For one hour, she sits with Soriely Quinonez and they read. Sometimes Alejandro does the reading. Sometimes Soriely works through the text with Alejandro as her guide.
Soriely also moved to Philadelphia from Puerto Rico, and she sometimes suffers crises of confidence. When the two first started working together in January, Soriely would apologize when she didn’t know a word.
“It’s OK,” Alejandro would tell her. “We’re here to be able to grow.”
Over the past month, though, the apologies have started to fade, replaced by a burgeoning trust and friendship.
“It’s been cool to see her grow and become more comfortable with me,” Alejandro said.
‘A confidence booster’
It sounds simple — an hour of unstructured reading with a caring adult — but Philadelphia officials think it could unlock worlds of potential.
Alejandro is one of 112 “reading coaches” the city has trained and deployed since January. The program assigns trained volunteers to read one-on-one with kids in schools, libraries, and recreation centers across Philadelphia.

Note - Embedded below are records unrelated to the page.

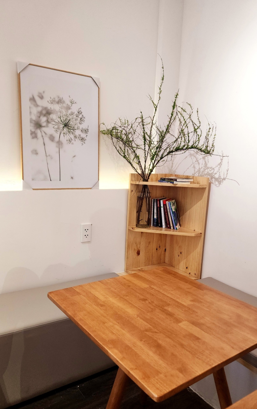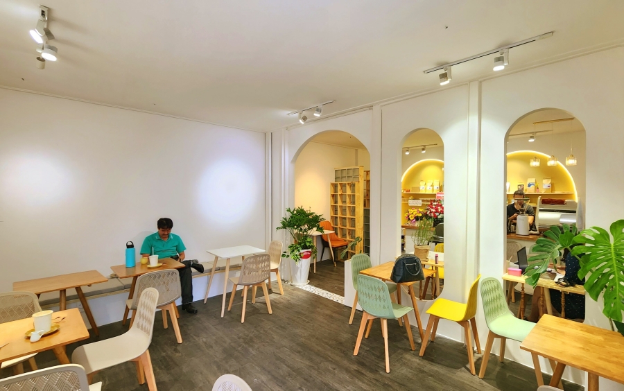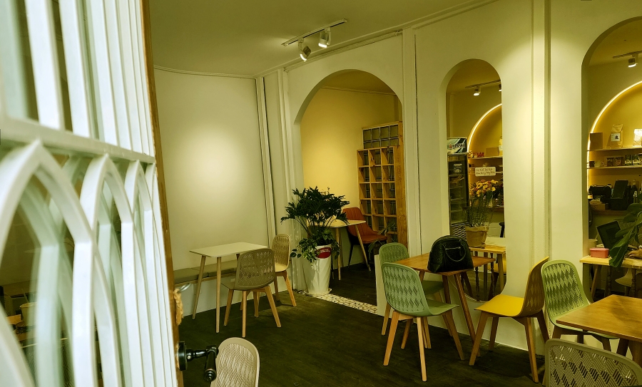 Bước vào không gian quán chúng ta sẽ lâng lâng với sắc màu tông vàng ấm, tường trắng sang trọng được thiết đầy tinh tế của vị nữ chủ nhân xinh xắn là một MC quen thuộc của Đài truyền hình HTV.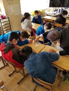 グループに分かれて、予想、実験方法を考えて、実験をしました。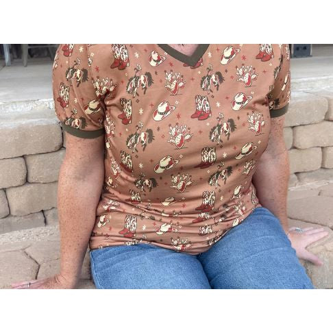 Rowdy Crowd Women's Short Sleeve Cowboy Killer Tee Shirt- Brown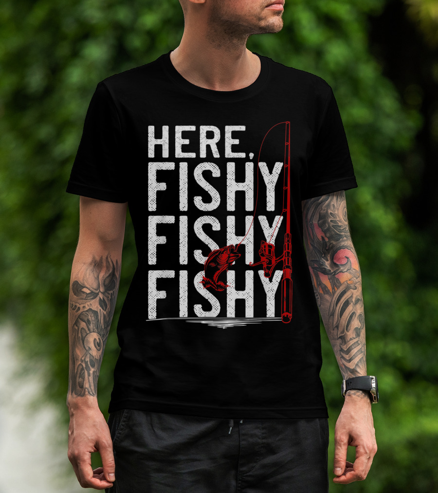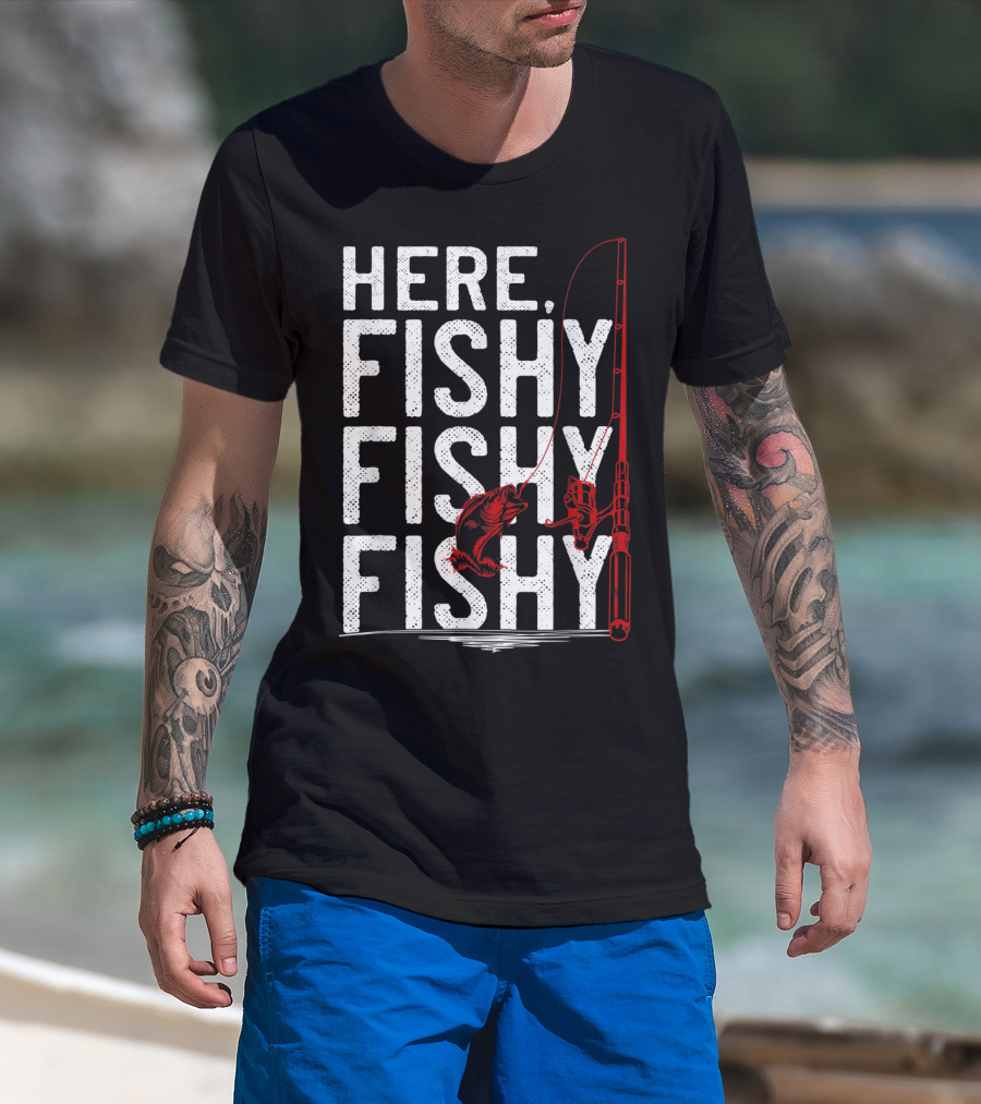 Here Fishy Fishy Fishy Rod And Fish Hook Adventure T-Shirt

The program is part of a broader push by city officials to focus more attention and intention on what students do after school. The city wants to know what it’s getting for the $40 million it spends annually on out-of-school-time programming, and it wants that programming to provide kids with meaningful academic or health benefits.
The program does not, on the surface, seem like it fits that goal. It’s not explicitly academic or overly scripted.
“It’s not, we must read,” said volunteer Leslie Craigmyle. “It’s not forced.”
But it is serious. Volunteers keep logs that detail what each student reads and how well they’re progressing through those texts.
The program is based on an initiative out of Oregon that’s proved effective. Some of the model’s appeal comes from its simplicity. One-on-one reading time may not sound revolutionary, but it can be meaningful.
“It’s not always often that everybody has someone in their lives who just dedicates and gives their full attention to them,” said Cramp principal Deanda Logan.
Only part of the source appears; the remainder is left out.